DIRECTIONS FOR THIS TASK >> Omit every picture and return the rest of the data unaltered.

MATERIAL PROVIDED >>
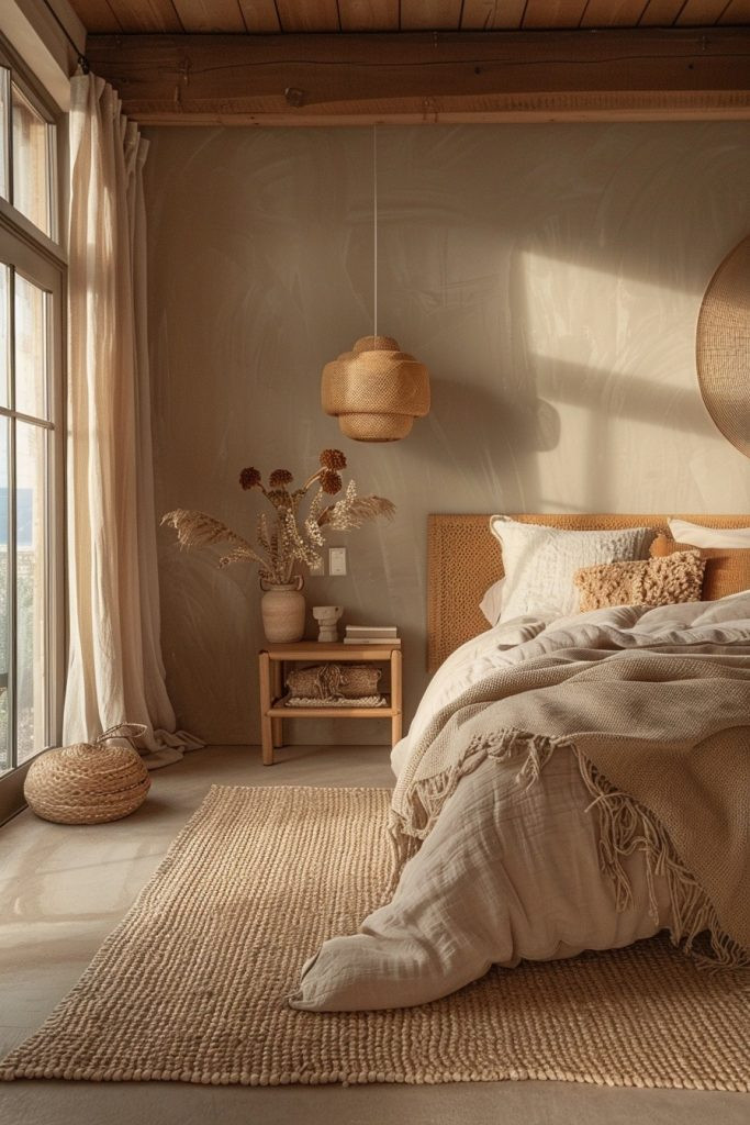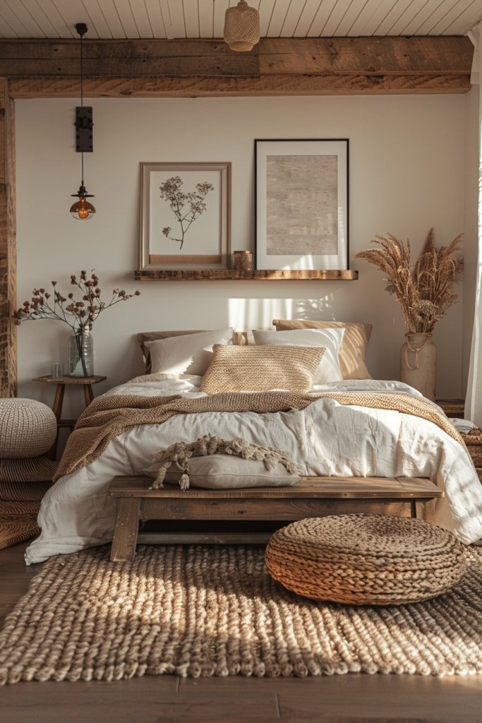 This style focuses on the beautiful juxtaposition of sharp, clean architectural lines with rich, comforting textiles. This contrast creates a space that is both visually striking and invitingly warm. The furniture is sleek and modern, with a clear, functional purpose. This is then softened and made cozy with an abundance of plush rugs, soft layered bedding, and perhaps a macramé wall hanging. This style is perfect for those who value both modern aesthetics and deep, tactile comfort.
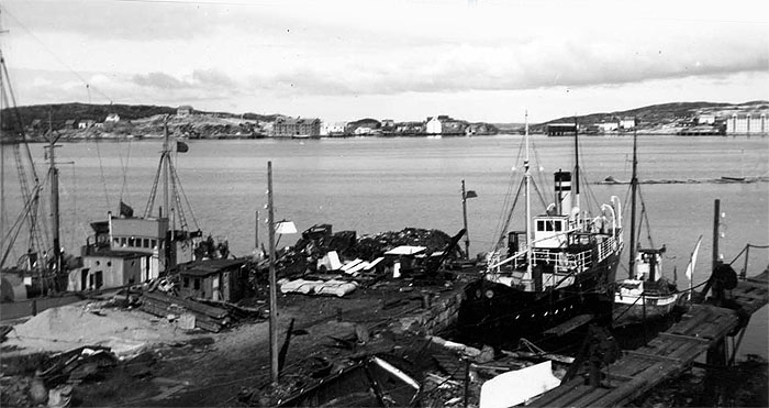 1941 og tysk forpostbåt og en Mørebåt. Tyskerne var oftye innom Storvik for reperasjoner.( Foto. Krigsbilder.net)
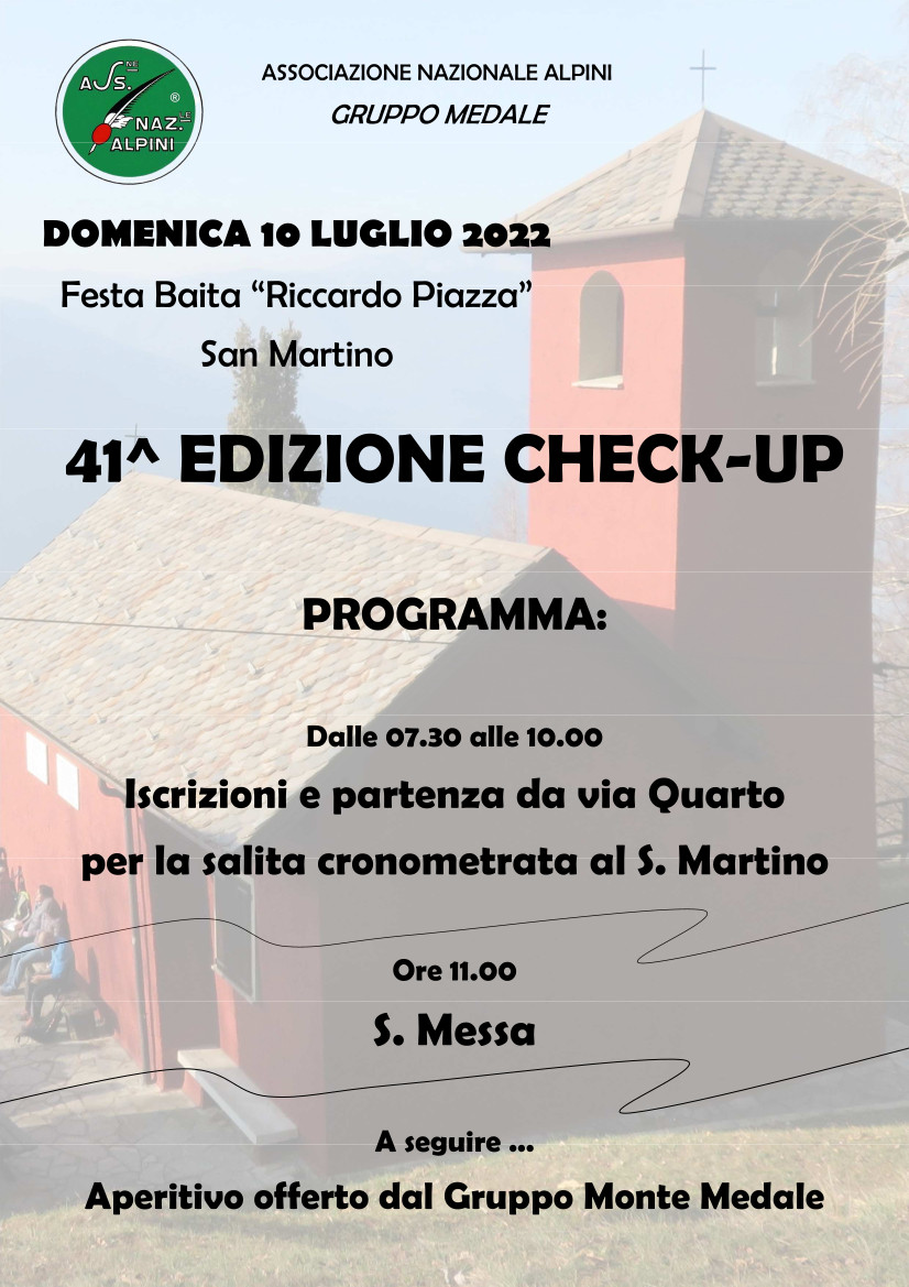 Dopo due anni di stop a causa della pandemia da Covid-19, il Check Up torna come sempre sotto la regia del Gruppo Alpini Monte Medale di Rancio e Laorca. Un evento che nell’evento, infatti la gara di corsa è organizzata in occasione della festa della baita “Riccardo Piazza”, ovvero il rifugio divenuto negli ultimi anni, come come la cappelletta che la precede lungo il sentiero, meta di numerossimi escursionisti.

EXPECTED ANSWER >>
 This style focuses on the beautiful juxtaposition of sharp, clean architectural lines with rich, comforting textiles. This contrast creates a space that is both visually striking and invitingly warm. The furniture is sleek and modern, with a clear, functional purpose. This is then softened and made cozy with an abundance of plush rugs, soft layered bedding, and perhaps a macramé wall hanging. This style is perfect for those who value both modern aesthetics and deep, tactile comfort.
 1941 og tysk forpostbåt og en Mørebåt. Tyskerne var oftye innom Storvik for reperasjoner.( Foto. Krigsbilder.net)
 Dopo due anni di stop a causa della pandemia da Covid-19, il Check Up torna come sempre sotto la regia del Gruppo Alpini Monte Medale di Rancio e Laorca. Un evento che nell’evento, infatti la gara di corsa è organizzata in occasione della festa della baita “Riccardo Piazza”, ovvero il rifugio divenuto negli ultimi anni, come come la cappelletta che la precede lungo il sentiero, meta di numerossimi escursionisti.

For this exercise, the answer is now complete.